The QM+GR domain is where the taxonomic view of physics does the most work. The category-collapse view treats "theoretical physics" as one bucket; the honest view sees that what gets called "established physics" is largely effective with embedded physics-proper components, and that what gets called "quantum gravity" is mostly theory-construction claiming a category it doesn't occupy.

The framework is ontology-first. The legs are how we test category claims; they are not the framework itself but its application.

What the established frameworks actually are

General Relativity. Vacuum field equations are physics-proper — derived from equivalence principle + self-consistency, completely retrodict Newton in the weak field, predicted Mercury precession, lensing, and gravitational waves before observation. Cosmological constant Λ is effective. FLRW + ΛCDM is effective with the cosmological principle as auxiliary assumption. GR-near-singularities is honest deferral to QG. GR is the closest thing to physics-proper among the established frameworks.

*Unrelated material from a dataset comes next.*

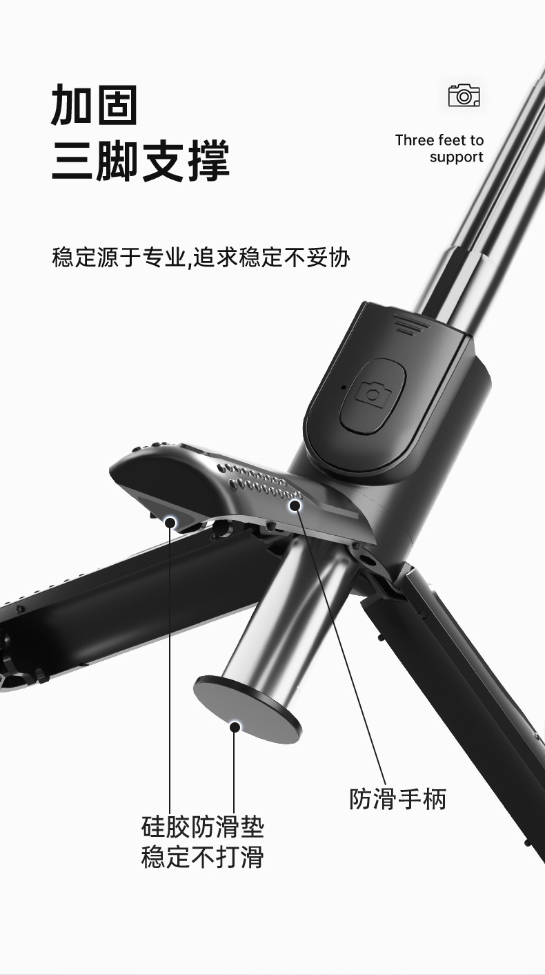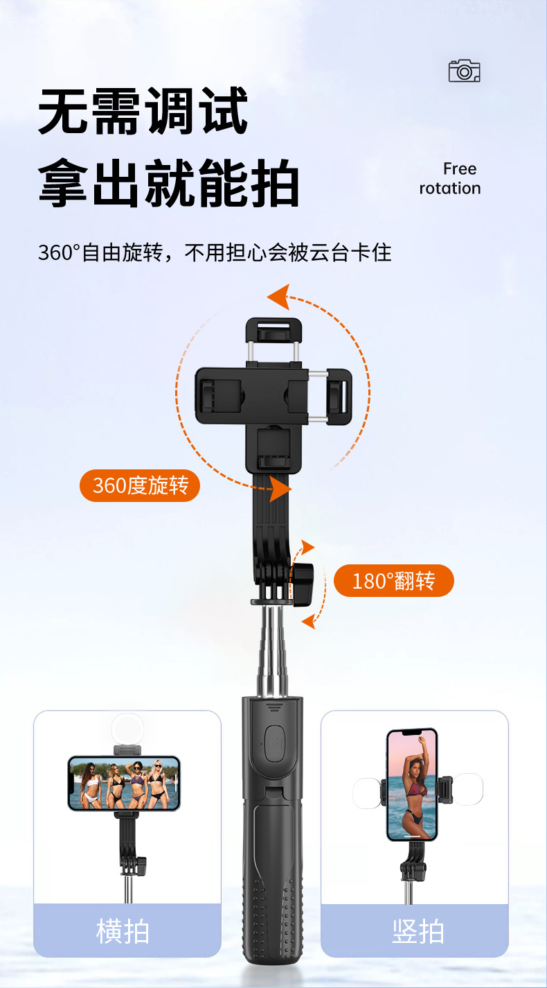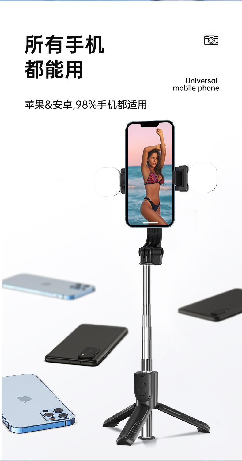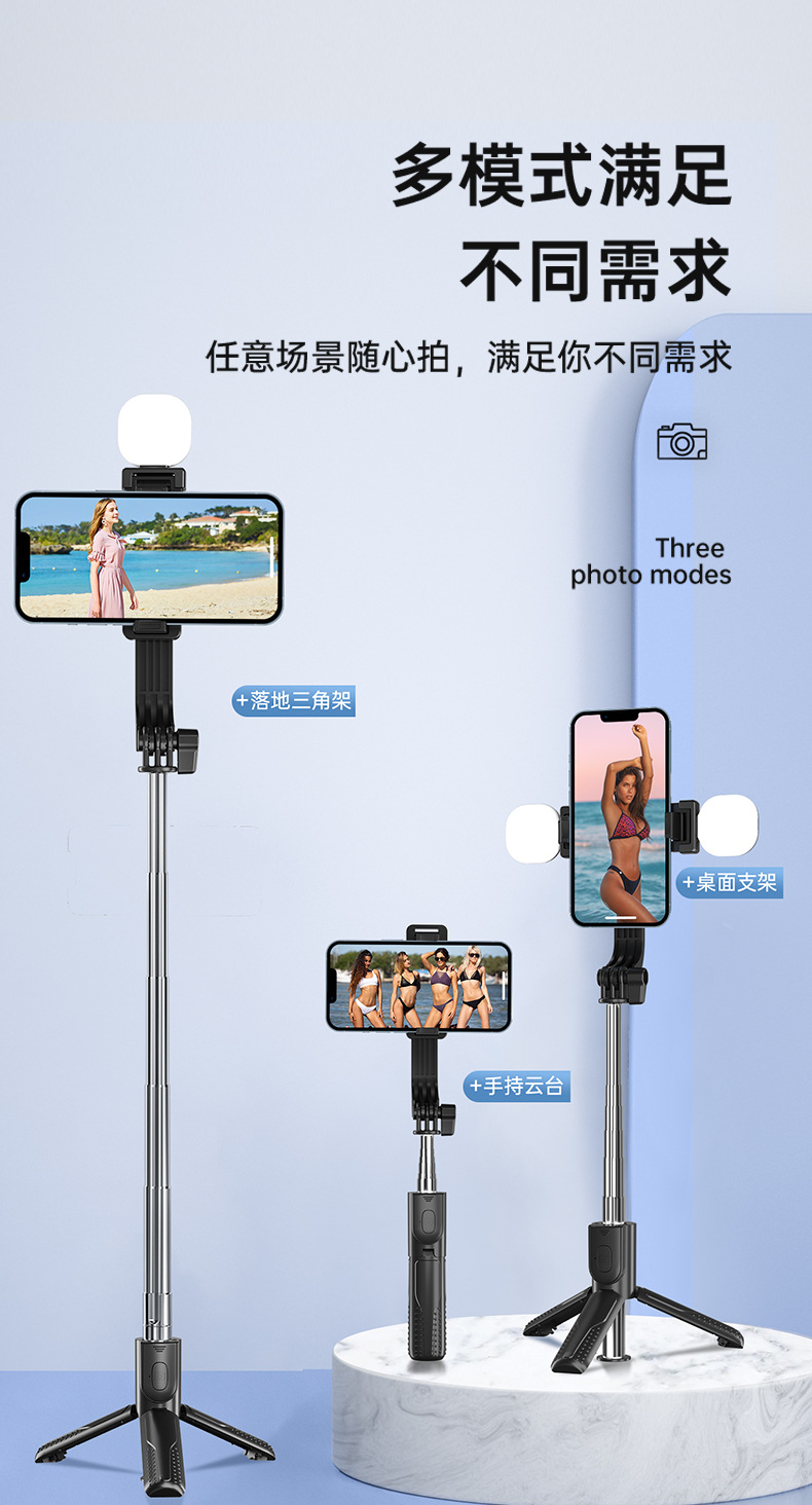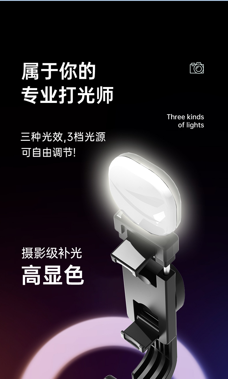 新款抖音手机拍照补光灯一体式蓝牙自拍杆三脚架便携桌面直播支架
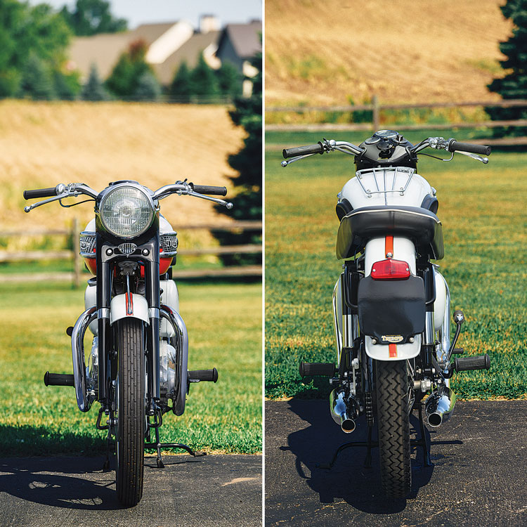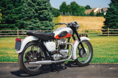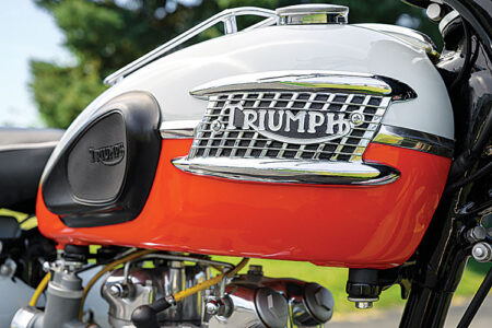 Some 1,881 Bonnevilles were made for ’59, and upon arrival in the States, few survived in the form in which they were delivered, with two-tone Tangerine and Pearl Gray tanks and deeply valanced fenders topped by a fork-mounted nacelle. Such was the case of the bike discovered by Marty Tellalian of Forest Park, Illinois. Now seen here as a well-restored example of a rare and desirable 1959 T120 Bonneville, his project bike started with only the bare bones.

Quantum Mechanics. Effective model with significant physics-proper components embedded. Born rule, commutators, measurement postulate are operationally defined. The Dirac equation (flat-space, free fermion), spin-statistics, identical-particle statistics are physics-proper. The framework's empirical reach comes from the combination — derived nuclei doing predictive work, operational scaffolding making the framework usable.

Standard Model. Same shape as QM. Gauge invariance forcing minimal coupling, anomaly cancellation constraining hypercharges, spin-statistics are physics-proper. Gauge group choice, three generations, Yukawa structure, mixing matrices are effective. Higgs mechanism is physics-proper construction with effective specifics. Predictive reach from derived structural backbone plus fitted content.

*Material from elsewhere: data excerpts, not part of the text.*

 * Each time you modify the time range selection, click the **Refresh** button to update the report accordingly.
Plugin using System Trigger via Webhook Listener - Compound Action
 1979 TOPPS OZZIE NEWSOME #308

QFT on Curved Spacetime. Calculational framework, not a theory of gravity. Matter sector quantization derived; metric is classical input. Back-reaction unresolved — exactly why QG remains open. This is the framework that exists because QG isn't solved; treating it as part of the solution is itself a category error.

What QG actually has to be

QG is not "unify QM and GR." That framing assumes QM and GR are physics-proper objects to be unified. They aren't. Most of QM is effective at its foundations; the cosmological-scale and high-curvature regimes of GR are where it breaks down. The unification framing has produced eighty years of work and no closed result; the framing itself is part of the obstacle.

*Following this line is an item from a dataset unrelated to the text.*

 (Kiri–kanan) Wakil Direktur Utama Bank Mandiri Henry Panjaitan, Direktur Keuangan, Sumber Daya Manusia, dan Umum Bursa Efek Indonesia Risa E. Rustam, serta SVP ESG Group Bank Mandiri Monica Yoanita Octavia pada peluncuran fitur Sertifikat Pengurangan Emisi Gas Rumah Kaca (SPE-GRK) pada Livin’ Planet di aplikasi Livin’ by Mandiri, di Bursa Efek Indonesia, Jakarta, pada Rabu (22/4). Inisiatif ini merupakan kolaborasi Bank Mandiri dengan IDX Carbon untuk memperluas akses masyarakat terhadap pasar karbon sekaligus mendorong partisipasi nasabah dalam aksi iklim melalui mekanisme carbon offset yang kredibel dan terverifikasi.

The taxonomic respecification: QG is the project of identifying the physics-proper layer that produces, as derived consequences from a deeper substrate,

(a) the currently-derived components of QM — Dirac equation, spin-statistics, gauge invariance, anomaly cancellation (b) the currently-derived components of GR — vacuum field equations from equivalence principle + self-consistency (c) the currently-effective components — Born rule, commutators, measurement, cosmological constant, ΛCDM parameters — with named regimes of validity (d) the currently-open structural items — back-reaction, SM gauge group choice, generation count, strong CP, hierarchy problem — either as derived consequences or honest deferrals

This specification is component-wise testable. A candidate QG framework is evaluated on whether its primitives produce each item, lens-by-lens, regime-by-regime.

The audit in the QG regime

Three lenses on whether a candidate's category claim (typically physics-proper QG) is supported by its actual structure.

Leg A — Are the primitives at the right level? Physics-proper QG requires primitives derived from the substrate the candidate commits to. "Information," "substrate," "field" have to do specific structural work — not stand in for missing derivation. If the candidate's primitives are operationally defined or asserted, the physics-proper claim is unsupported.

Leg B1 — Does the work operate at the QM+GR level? Physics-proper QG requires a quantum object (field, state, operator algebra), a curved-spacetime evolution, and a probability or flux structure. B1 cannot be evaded by self-categorisation. Big Bang dynamics, Hubble tension, Hawking radiation, and inflation are intrinsically QM+GR; a work addressing any of these inherits B1 from what it explains. "Effective model" and "boundaries where standard description fails" framings do not relieve B1 when the phenomena require QM+GR machinery.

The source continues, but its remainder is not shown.